Наконец тишина стала совсем невыносимой. Она давила громче любых криков и упрёков.
– Куда? – мой голос прозвучал хрипло, будто я промолчала целые сутки. – куда ты меня ведёшь?
Парень не остановился. Ответ пришёл через плечо, ровный, лишённый каких-либо эмоций:
– в Южные Пределы. Там есть одно место.
– Какое место? – что-то внутри меня словно забило тревогу, почуяв ловушку. Южные пределы были краем Околья, но не концом Договора.

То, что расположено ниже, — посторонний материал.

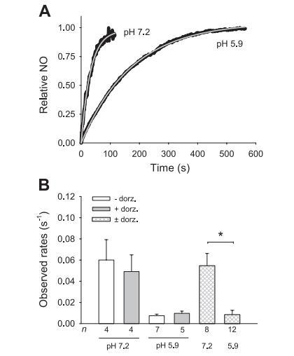 觀察到的速率明顯受到pH值的影響,但不受多佐胺的影響(圖2B),根據單指數擬合得到的值計算得出的表觀速率常數(平均±SE)為:pH值為7.2時547±116/M/s,pH值為5.9時84±42/M/s(圖2B)。由于pH值為7.2時反應的半衰期(t1/2,~13秒)與電極的反應時間(~10秒)相當,因此該pH值下的反應速率快于~547/M/s。
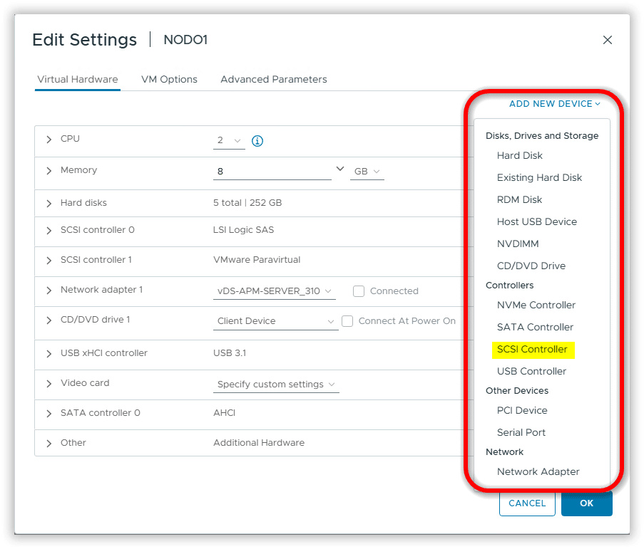 Aggiungere un nuovo SCSI Controller

– пристанище. – он слегка повернул голову, и я поймала взгляд его профиля. – Где такие как я можем перевести дух… в прямом смысле.
В голосе мостника прозвучала горькая ирония. «Перевести дух». Их, мостничья шутка. Место, где они сбрасывают не боль, а напряжение.
– ты из ума выжил?! – взъелась я. – Хочешь тишинницу в становище мостников заманить?! Да они же… они…
– Они ничего не сделают, если сама первая себя не выдашь – вдруг резко отрезал парень, вновь глядя вперёд. – только рот не раскрывай по напрасну. И глаза в пол.
Он продолжал идти вперёд, словно вёл какую-то немую клячу на привязи, а не живого человека.
– ну а если почуют? – не унималась я от собственного волнения. – У вас-то наверняка нюх на страдания наточен.
– на страдания – да – бросил мостник через плечо. – а на тишь – нет. Для меня ты как пустой туман над болотом. Видно, что есть, а потрогать – ничего нету. Только глаза мозолишь.
Он продолжал идти в том же быстром темпе, а мои ноги с каждым шагом становились всё ватнее. В висках стучало. То ли от побега, то ли от того узла чужих мук, что растворился во мне час назад. Узел оставил после себя не боль, а тяжесть. Как если бы выпить ведро ледяной воды – желудок полон, а внутри пусто и зябко.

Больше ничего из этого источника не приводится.